Anonymous wrote:Anonymous wrote:Anonymous wrote:Anonymous wrote:Anonymous wrote:+1 to the posters saying sleep train at night, not for naps. One of our kids was a disaster to get down for naps. He stopped napping when he was two years old, which was great for us but terrible for his daycare.
And we never let him cry for hours. We kept a routine for bedtime, then progressively lengthened the amount of time between checks-ins. And when we went in, we didn't pick him up - we just rubbed his back for a while in the crib.
For our other son, we would sometimes lay down on the floor next to the crib if he was having a really rough night.
OP: she screams harder if we pat/rub/hold hand and don’t pick up. She’s not crying for our presence. She wants us to boob/rock her back to sleep, that’s it. That’s why cosleeping didn’t work. It’s not comfort she’s after.
DP we tried the gentle method of sleep training. I would try just holding her without bouncing and planned to slowly phase things out. But like you say she just screamed when we did that. My experience with my own child is that we could either go all in on full extinction CIO, or do nothing at all. The in between "gentle" methods were just confusing for her, and therefore, cruel.
You've said several times you don't want to sleep train. So stop trying to sleep train! She wants you to bounce her to sleep, so that is what you need to do if you don't want to teach her another way to fall asleep. Honestly if you are not all in, it's really not fair to your child.
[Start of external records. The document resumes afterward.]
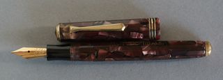 Photo of a pen produced by Tibaldi. Model: Rex. Filling system: twist filler. In marbled red celluloid. Medium size. Faceted model, tie clip.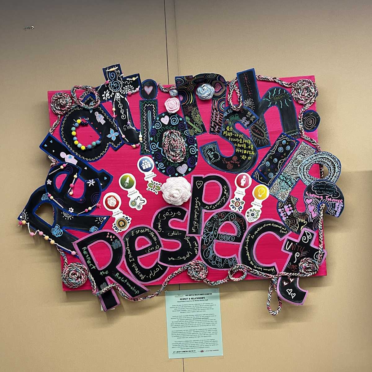 One such piece, 'Respect and Relationships,' was created by staff during Life Without Barriers' 30th Anniversary celebrations at Walyu Tutu, Life Without Barriers Unley Office. Staff were invited to decorate letters from the words 'Respect' and 'Relationships', two of our values assigned to our National Immigration Support Services (NISS) team and South Australia respectively, while reflecting on how these values show up in their daily work.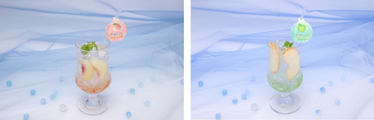 「あの日の晴天」(左)は、グレープフルーツとブルーキュラソーが甘酸っぱく爽やかで晴れ渡った空の爽快さを感じさせてくれるドリンク。「あの日の夕焼け」(右)は、甘酸っぱいクランベリーとオレンジのジュースが相性ぴったりのテイストです。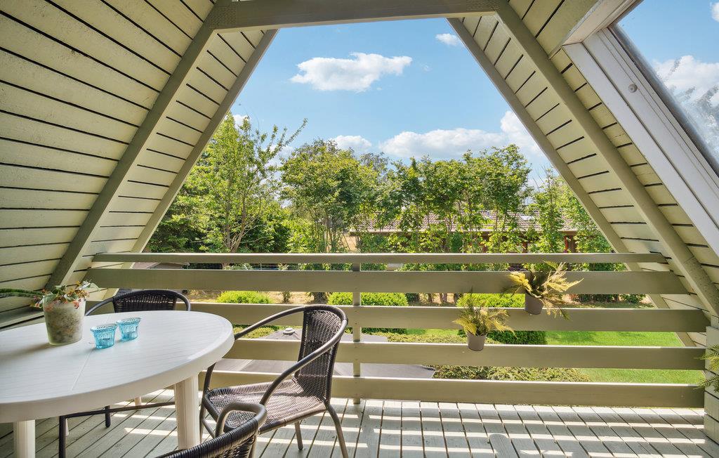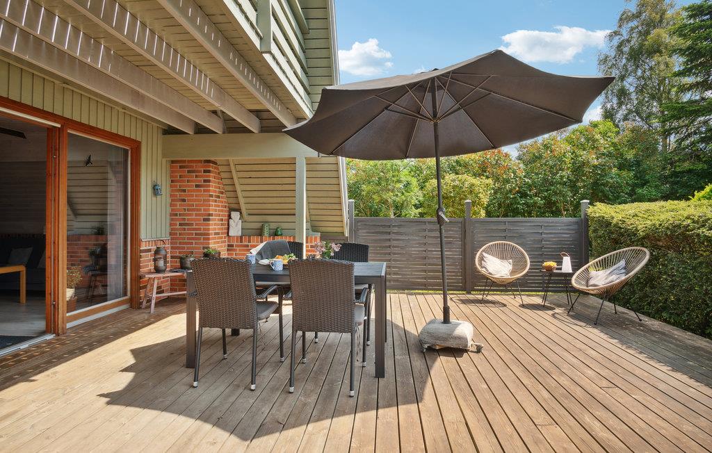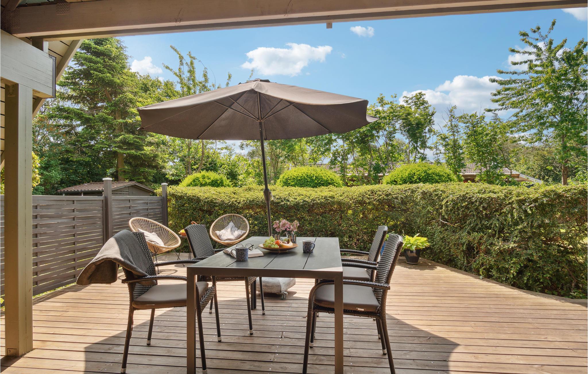 Terrassen byder på beskyttede siddepladser, hvilket gør den til et godt sted til både udendørs spisning og uforstyrret solbadning.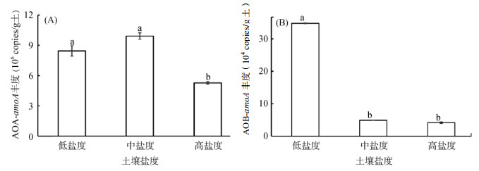 AOB-amoA基因丰度在盐度梯度间存在极显著性差异(P < 0.01,图 3B),其中低盐度土壤AOB-amoA基因丰度为3.48×105 copies/g土,显著高于中盐度土壤(4.90×104 copies/g土)和高盐度土壤(4.16×104 copies/g土)。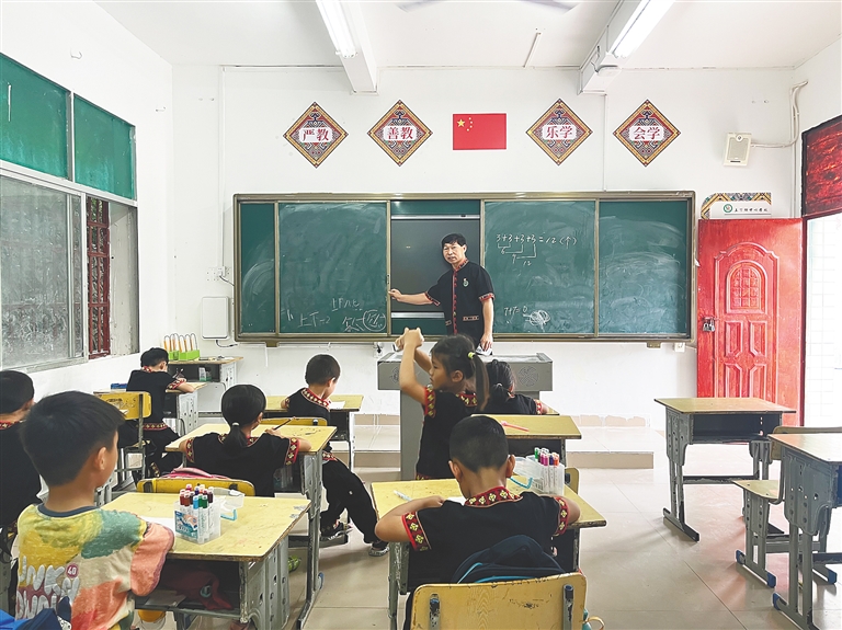 除了织锦,钟诚还着重培养孩子们的音乐特长。“山里的孩子有着天赋异禀的歌喉,这种纯洁、淳朴、原生态的声音,很有感染力。”钟诚介绍,2023年,该校学生参加昌江第十二届青少年儿童艺术展演声乐专场,张宝月、吉春梅、韩佳欣、韩佳琪(组合)获小学组一等奖。
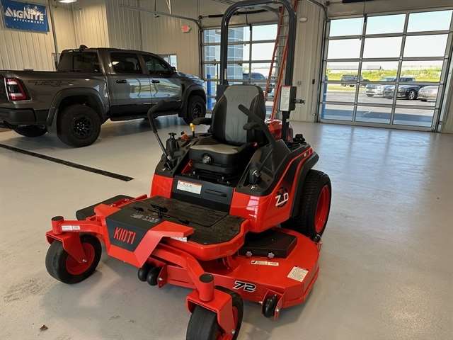 KIOTI ZXD72 diesel zero-turn mower with 72" deck. A whisper-quiet KIOTI diesel engine fed by a massive 17.1 gallon fuel tank.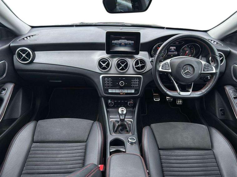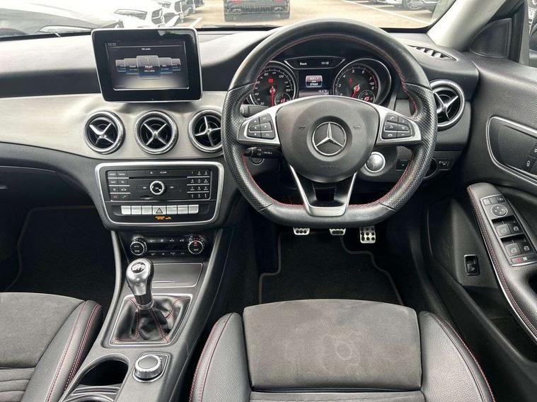 7" tablet style colour display, Attention assist, Bluetooth system, Cruise control + speed limiter, Direct steering, Door/boot open warning light, DYNAMIC SELECT with a choice of driving modes (ECO, Comfort, Sport, Sport+ and Individual), ECO start/stop function, Lamp failure indicator, Low fluid warning light, Outside temperature gauge, Reversing camera, Service indicator (ASSYST), Trip computer, Lowered comfort suspension, Media interface, Mercedes Audio 20 radio/single CD, USB connection, Adaptive brake lights, AMG body styling, Automatic headlights, Automatic rain sensing wipers, Body colour bumpers, Body colour door handles, Body colour side skirt, Body coloured door mirrors, Chrome beltline trim, Diamond grille with pins in chrome and single louvre in silver, Electric adjustable heated door mirrors, Front and rear electric windows, Halogen headlamps with integrated daytime running lights, Heated rear window with timer, LED tail lamp, LED third brake light, Rear fog lights, 1/3 to 2/3 split folding rear seats, 3 spoke flat bottom multi-function sports leather steering wheel in black with topstitching in red, Artico man-made leather/Dinamica upholstery, Auto Mercedes-Benz child seat recognition sensor, Brushed stainless steel sports pedals with rubber studs, Centre console with cupholders, Courtesy light in boot, Door sill illumination, Floor mats with red edging, Front centre armrest with storage box, Front door courtesy lamps, Front footwell lights, Front head restraints, Front seat cushion length adjustment, Front sports seats, Height adjustable front seats, Height/reach adjustable steering column, Illuminated glovebox, Illuminated storage compartment, Isofix rear child seat fastenings, Load securing rings in luggage compartment, Reading lights, Rear footwell lights, Rear head restraints, Seat cushion angle adjustment, Sunvisors with illuminated vanity mirrors, Thermotronic luxury automatic two zone climate control, 3x3 point rear seatbelts, ABS with Brake Assist, Active bonnet, Adaptive brake system, ASR, Brake pad warning light, Child lock for rear electric windows, Child proof door locks, Crash responsive emergency lighting, Drivers knee airbag, Dual stage driver/passenger airbags, Electronic parking brake, ESP curve dynamic assist, Front and rear seatbelt reminder, Front brake callipers with Mercedes Benz lettering, Front passenger airbag deactivation, Front passenger seat occupancy sensor, Front side airbags, Hill start assist, Tyre pressure monitoring system, Warning triangle and first aid kit, Window airbags, Anti theft alarm system, Chrome surround in electric key, Immobiliser, Keyless Go, Remote central locking, Chrome air vent surrounds, Light aluminium with longitudinal grain interior trim, 18" AMG 5 twin spoke alloy wheels, Tirefit,
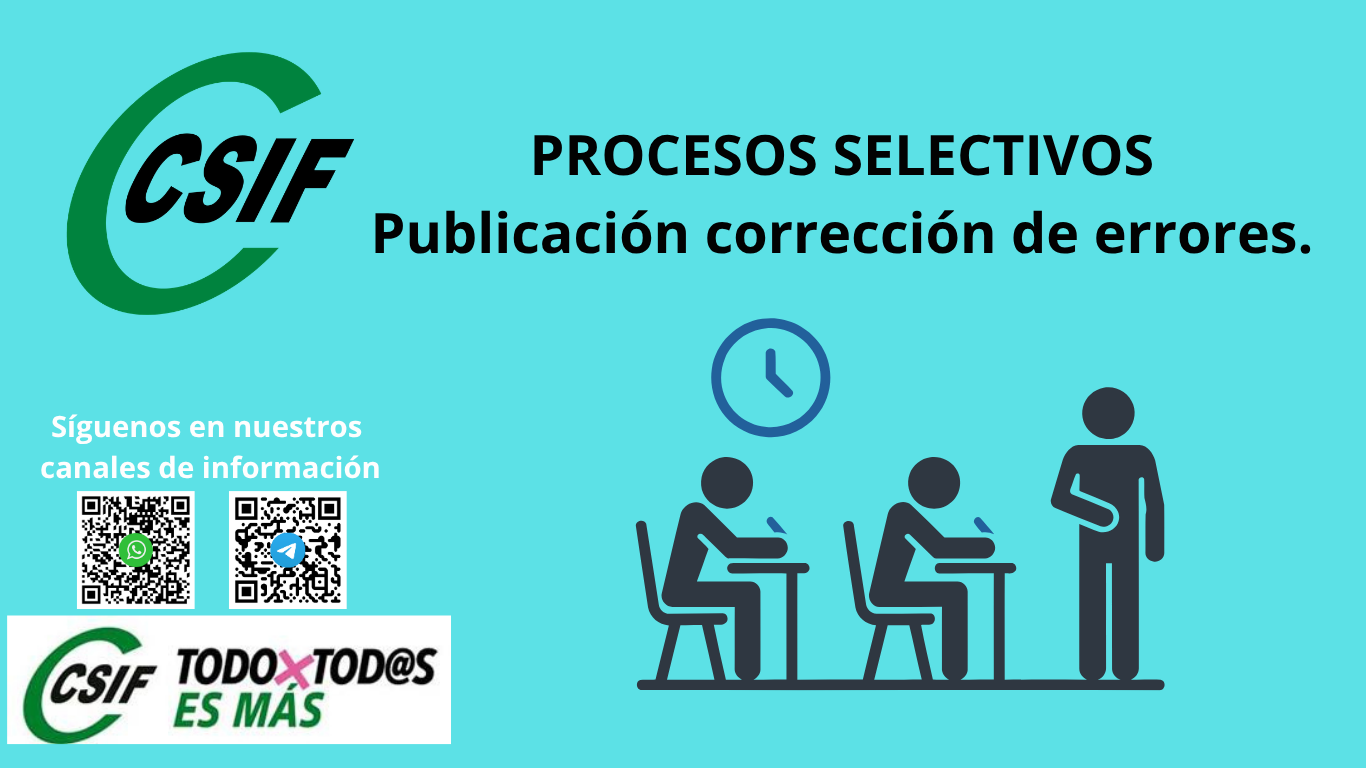 PROCESOS SELECTIVOS PUBLICACIÓN DE CORRECCIÓN DE ERRORES

Fair. Thanks. The sleep deprivation has made me stupid: “Maybe THIS time/way it will work…”
Full extinction will work.
Anonymous wrote:Anonymous wrote:I never sleep trained my 11 year old…he coslept until he was 9/10, and has always struggled with sleep. He takes melatonin every night to sleep. I feel so bad he struggles so much.
I have a 3 month old daughter now who I have been lightly sleep training (just good sleep habits really), and she sleeps 11-12 hours a night with just 2 wakes to eat then goes right back to sleep in her crib. She also gets an appropriate amount of naps during the day (totaling 4-5 hours) and is such a happy baby.
My biggest regret was that I didn’t help my son learn good habits and it’s still impacting him. Trying to avoid the same with my daughter.
OP here. I did all that when she was a newborn, and she slept 10.5 hours a night with only one wake up until one morning at 2.5 months she just decided she was never going to sleep independently again. Trust me, not all these things are parents’ fault or controllable.